Intersection

[Elegy] Privacy lost

Your personal information is not so personal

Joshua Longobardy

Intelius, a company based out of northern Washington state, provides on their website a clearinghouse of personal information—including cell-phone numbers—for more than 90 million private citizens nationwide. For a small cost, this personal information, retrieved from government agencies and sundry third party companies, like credit card and utility corporations, is available to the public at large.

So that now, not only can the background information (age; relatives and associates; prior residences; past bankruptcies and liens, if any) of anyone from you to me to boxing champ Floyd Mayweather Jr., and fellow local Celine Dion be accessed, but we all can be tracked, too, via the numbers to our cell phones, for a one-time fee of less than $20.

This is not surprising. We can no longer claim that. With the increasing population and enhancing technology in today’s America, through which the distance between individual citizens shortens to the point of eradication, one’s privacy in this country has become more and more difficult to protect, to preserve. We all know this. The evidence is prevalent. Not only can a neighbor stand tiptoe and look over his fence into his neighbor’s living room, but he, for the past decade, can also log onto the Internet and dig up his neighbor’s background information from Intelius’ predecessors on the web: KnowX, US Search and even Google, to some extent. Intelius has merely taken it one step further: Now, through cell phones, their numbers published or not, a person can be tracked down against his wishes—at any time, too, as most of us go nowhere without our phones.

This is, however, shocking. Especially for those of us who wish to keep our private lives just that: private. We who prefer our past to remain the past. Who wish not that the tranquility of our personal time be invaded by any ol’ stooge with a credit card and $20 to it. Which is something I, for one, had chosen to believe was an inalienable right in this country—if only because the freedom upon which this country was founded is not authentic but merely lip service bereft of privacy: not just the right to chose privacy for oneself but the duty of everyone else to respect it.

And so, it was my assumption that unless I committed a crime or ran for public office, or conceded my private matters by my own volition, I could expect with some reasonableness for my privacy to be respected. Not that I anticipated a corporation—any corporation—to practice this responsibility, for in the end they are at liberty to do as they like, but I did anticipate the public—composed of individuals like myself, who together as a mass hold the power over all corporations to either starve or nourish them—would. For one man’s liberty must end where another’s begins.

But I was wrong. More than 1.5 million visitors to intelius.com per day go to show that the public at large not only has no qualms with, but even seeks, the information Intelius provides. (Which, the company states, is intended for background and verification checks—very useful for mothers researching potential nannies; employers, potential employees; lovers, potential mates. To be sure, Intelius, the company, is not to blame.) According to ComScore Media Metrics, the website is the seventh most visited on the Internet. It is not going anywhere.

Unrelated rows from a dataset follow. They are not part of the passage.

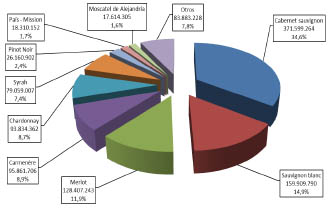 Figura 5: Producción por variedad de vinos con denominación de origen en Chile, durante 2013.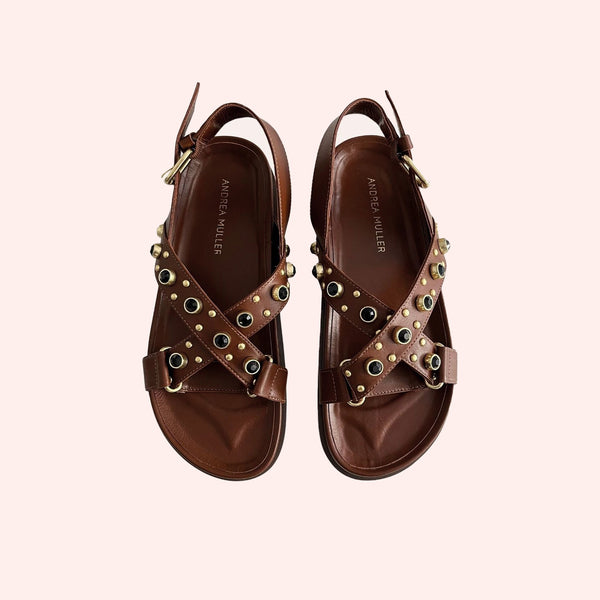 Sandália em couro, solado em borracha, com detalhes em metais ouro velho e cristais preto.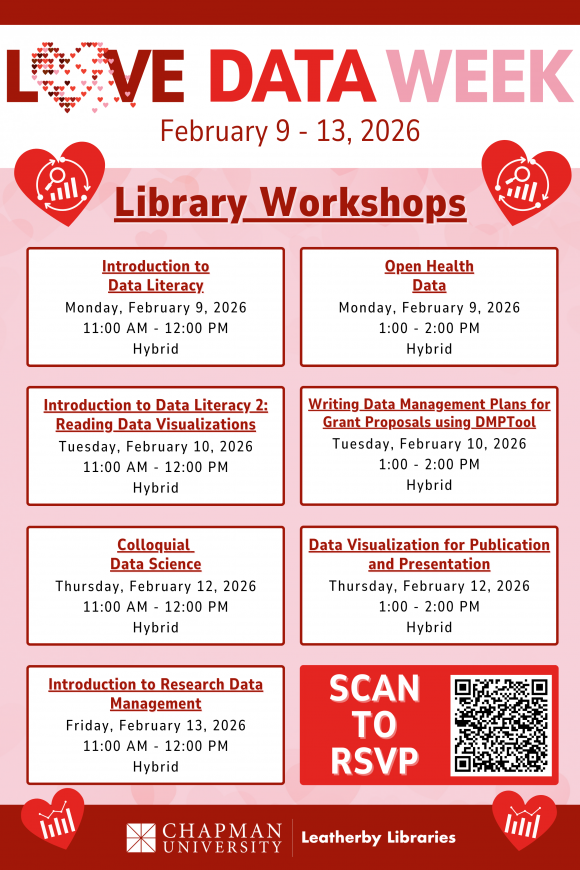 From February 9 to February 13, the Leatherby Libraries’ Library Research and Data Services (LRDS) team will have a range of data-related workshops and activities to enhance knowledge of data resources and services within the Chapman community. Continue reading to see how you can celebrate Love Data Week!

And so I, for one, am hurt. Privacy lost is a harmful thing. Not that I, a simple man, am a prime target to have my biography commenced, as inchoate as it may be available, or to be tracked on my cell phone, its number available on Intelius. But that’s not the point. The problem is that it’s not only possible—it’s acceptable. As we all know, freedom is not merely being free of invasion, it’s just as much being free from the fear of invasion. For this reason I feel for the celebrity, the Celine Dions and Floyd Mayweather Jrs. Because they are in fact prime. Many of their names come up on the Intelius site; whether or not their personal cell phone numbers are available is unknown knowledge to me. I did not look. For I cannot, at any rate, lend myself to the wrong which I condemn.

A spokeswoman from Intelius says that there are two ways by which you and I can opt out of the company’s database. One is to fax or mail the company a request to opt out, which in the end is just a temporary removal. The other is to be more diligent—and vigilant—when distributing personal information, like your cell phone number, to government agencies and third party corporations. Because, in today’s America, once that information hits the public domain—once it gets out—it is all but impossible to reel back in.